Figure 2 - The result of successfully splitting a document in Xodo PDF Studio.
While Xodo PDF Studio lets you choose a page range, it also allows you to split the document into bookmarks or blank pages, or even before and after specific text, which is pretty awesome, but it does require user interaction.
So what if you want to do this automatically without needing a user to be involved?
In this article, we will look at how we can use the Apryse SDK to split the document using a set of rules that, as a developer, you can define.
I will be using Python, but the SDK is also available for many other languages and frameworks including C++, .NET, Java and Node.js.

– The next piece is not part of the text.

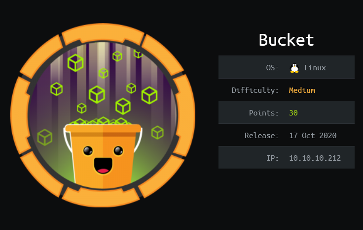 Bucket, as the name implies, features a simulated Amazon S3 bucket that has been configured to allow anonymous users to perform read/write operations to the objects inside a bucket. This allows me to drop a web shell into the bucket to gain a foothold on the system. Enumerating on the system discovers several credentials from the DynamoDB and one of them is reused by the user. Inspecting the web configuration files reveals that there is an internal web currently running as a root user, which then can be exploited to gain root access.

The sample code is intended to help you get started, and to illustrate the process. It is not intended to be the basis of robust production ready code.
The Python SDK is available for Windows, Linux and macOS, and for Python 2.7 and 3.x. For this article I used Python 3.x running on Windows, but the usage is similar on all platforms.
The Apryse SDK is easy to install using pip.
pip install apryse-sdk --extra-index-url=https://pypi.apryse.com
If you haven’t already got one, then head to the Apryse website to get a WebViewer trial key.
It’s free to get one, allowing you to check that the SDK gives you everything that you need in your business before you need to buy a commercial license.
There is a complete set of sample code that allows you to explore what the SDK can do. We are not going to use that today, but if you want to go into more detail, the code in this article is loosely based on the sample “PDFPage”.
For this example, we will use a PDF that contains the Sherlock Holmes adventures, but the sample code would work just as well with other PDFs, whether they are contracts, legal documents, or even collections of CAD drawings.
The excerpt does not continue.